The test would throw a fail message with `fail` if any of the above functions do not match the expected behavior.
3. Test Output
tell-full.output
```
Copying tests/userprog/tell-full to scratch partition...
Copying ../../tests/userprog/sample.txt to scratch partition...
qemu-system-i386 -device isa-debug-exit -hda /tmp/d4ul5_89nJ.dsk -m 4 -net none -nographic -monitor null
PiLo hda1
Loading...........
Kernel command line: -q -f extract run tell-full
Pintos booting with 3,968 kB RAM...
367 pages available in kernel pool.
367 pages available in user pool.
Calibrating timer... 103,936,000 loops/s.
hda: 5,040 sectors (2 MB), model "QM00001", serial "QEMU HARDDISK"
hda1: 182 sectors (91 kB), Pintos OS kernel (20)
hda2: 4,096 sectors (2 MB), Pintos file system (21)
hda3: 109 sectors (54 kB), Pintos scratch (22)
filesys: using hda2
scratch: using hda3
Formatting file system...done.
Boot complete.
Extracting ustar archive from scratch device into file system...
Putting 'tell-full' into the file system...
Putting 'sample.txt' into the file system...
Erasing ustar archive...
Executing 'tell-full':
(tell-full) begin
(tell-full) open "sample.txt"
(tell-full) end
tell-full: exit(0)
Execution of 'tell-full' complete.
Timer: 59 ticks
Thread: 0 idle ticks, 57 kernel ticks, 2 user ticks
hda2 (filesys): 92 reads, 224 writes
hda3 (scratch): 108 reads, 2 writes
Console: 960 characters output
Keyboard: 0 keys pressed
Exception: 0 page faults
Powering off...
```
tell-full.result
```
PASS
```
4. Potential Bugs
* If the `tell` syscall returns the file cursor position that is 1-indexed instead of 0-indexed, or if `read` syscall incorrectly moves the cursor after the reading operation, the value returned would be `BASE + 1` or some other values instead of `BASE`, and would print a failure message `"BAD tell returns [pos] instead of [BASE]"`
* If the `tell` syscall simple reports the length of file at file cursor positions after `EOF`, the value returned would be `sizeof sample` instead of `sizeof sample + 10`
### System Test Reflection
* The Pintos test cases are relatively exhaustive, which makes coming up with new tests a relatively hard process.

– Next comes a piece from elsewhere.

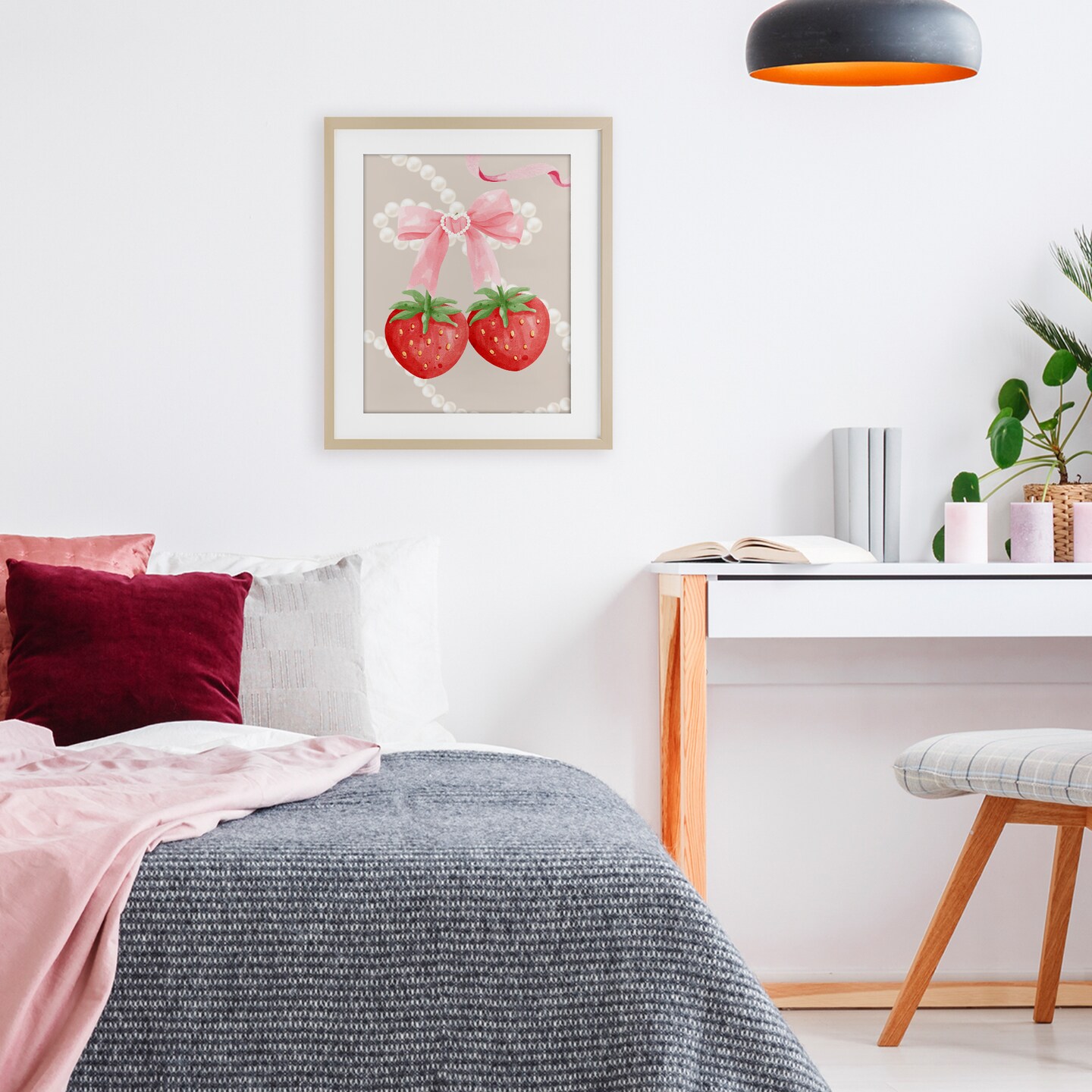 Stupell Industries Feminine Strawberry Pearls Framed Print Under Glass, design by Jesse Keith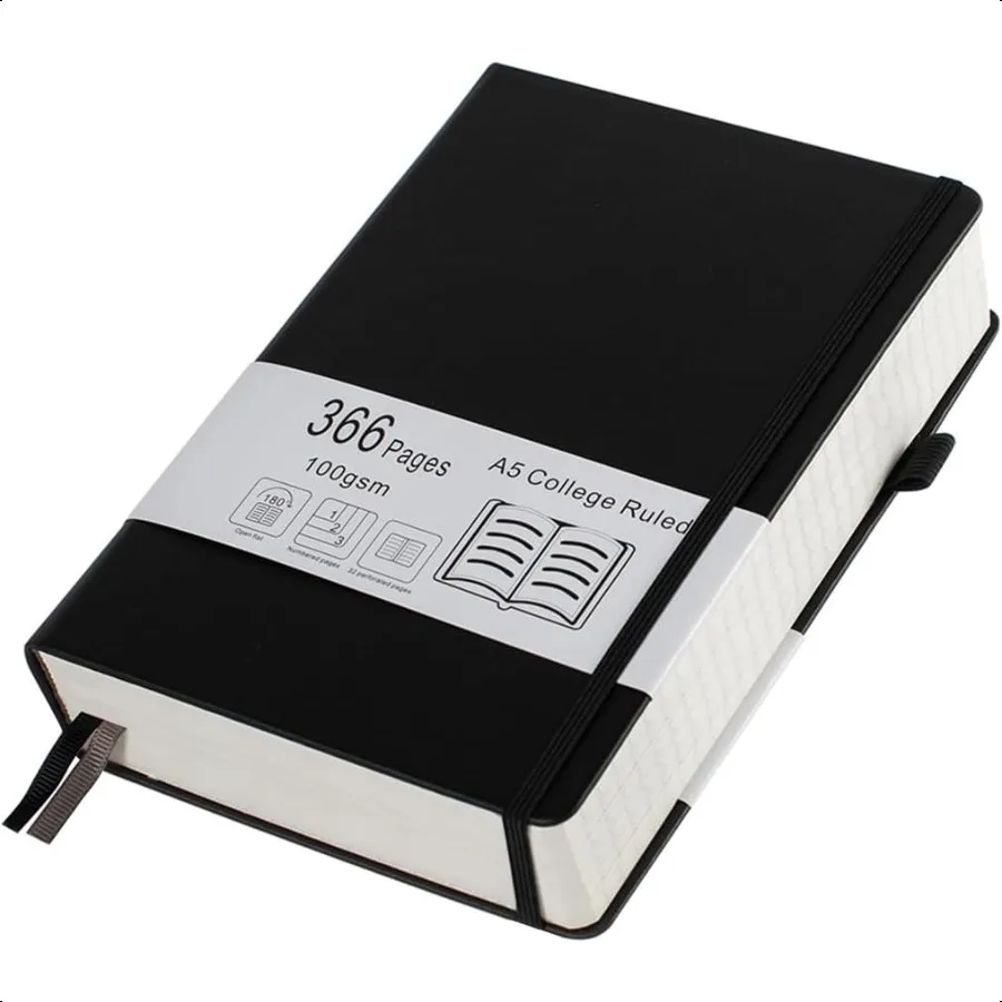 Thick College Ruled Notebook with 366 Numbered Pages A5 Journals for Writing with 100GSM Lined Paper Hardcover Leather Notebook

After careful examination of the test cases, our group found out that tests are lacking for basic operations of `seek` and `tell` syscalls and we consequently implemented them. Also, for `stack-align`, the test suite only checks cases with alignment of 1-4 bytes, which are not exhaustive, as the slack misalignment cases with more than 4B could also happen, and associated tests might need to be added for completeness.
* The process of writing tests adds more industrial flavor to the project and thinking about potential cases that might affect the code correctness helps facilitate development of code and improvement of code quality in general. In future projects, our group will place more emphasis on test development and improve the code quality in a way that is less reliant to built-in tests.